The Crown says four areas of blood staining were found on the jacket that match the DNA profile of Richard Oland, but Gold said the areas - he thinks there are only three - were "minuscule" and not what would be expected from such a bloody killing.

Oland sent the jacket to the cleaners after the murder and before it was seized by police during a search in 2011.

Gold said there was no blood found in the car Dennis was driving, or on his cell phone or on other items in his possession that day.

"The blood spatter was 360 degrees around the body at considerable distances," Gold said, showing the court a photo of the bloody crime scene. There was no evidence that the killer cleaned up at the scene.

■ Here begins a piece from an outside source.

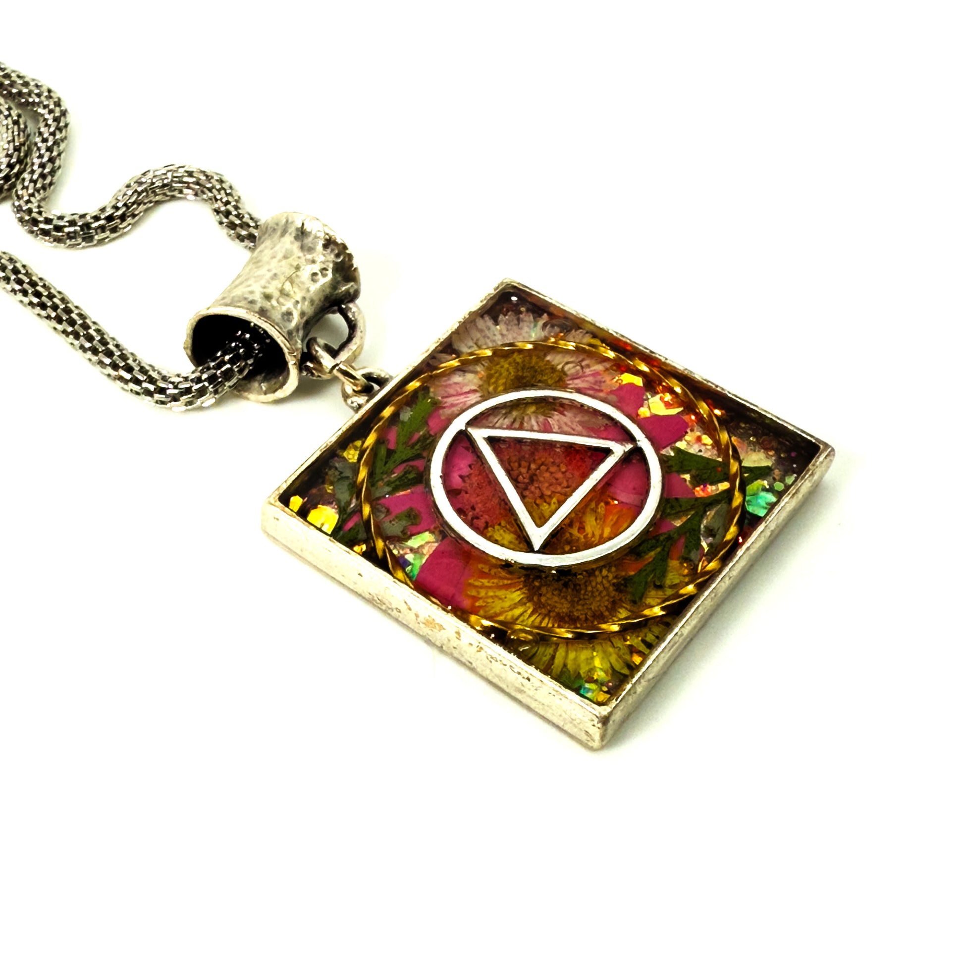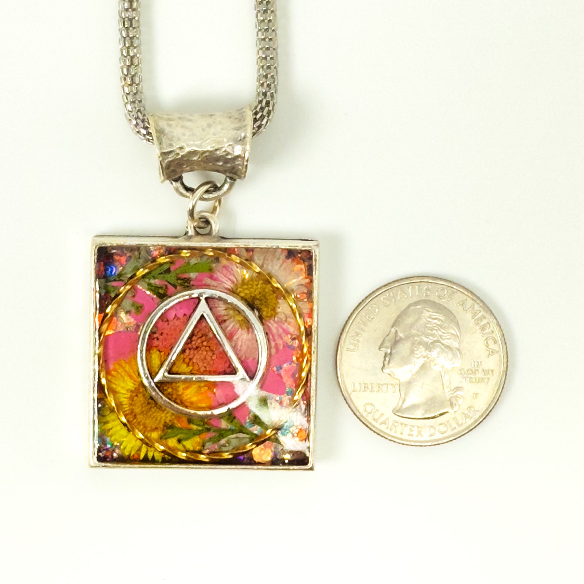 My One of a Kind Hand Painted Resin Sobriety Pendants are Unique, Handcrafted pieces of jewelry designed to symbolize and celebrate your journey in recovery. I incorporate many symbols in my work such as hearts. Hearts represent “My Heart is in Recovery” Each pendant comes with a 18” silver plated chain

Other evidence touched on by the prosecution and the defence included the fact the Richard Oland was having an extramarital affair, a situation prosecutors said further strained the father/son relationship. Gold, however, said that although Dennis was unhappy about the affair, he had known about it for quite some time.

Prosecutors said the only thing taken from Richard Oland's office on the day of the murder was his cell phone. It pinged off a tower in Rothesay at 6:44 p.m. on the evening of July 6, just a few minutes after Dennis Oland said he left his father's office and made his way to Rothesay, a community on the outskirts of Saint John where he lives.

Gold said there is no evidence as to why Dennis would have taken his father's cell phone, and the cell tower evidence is unreliable.

The trial will continue on Thursday.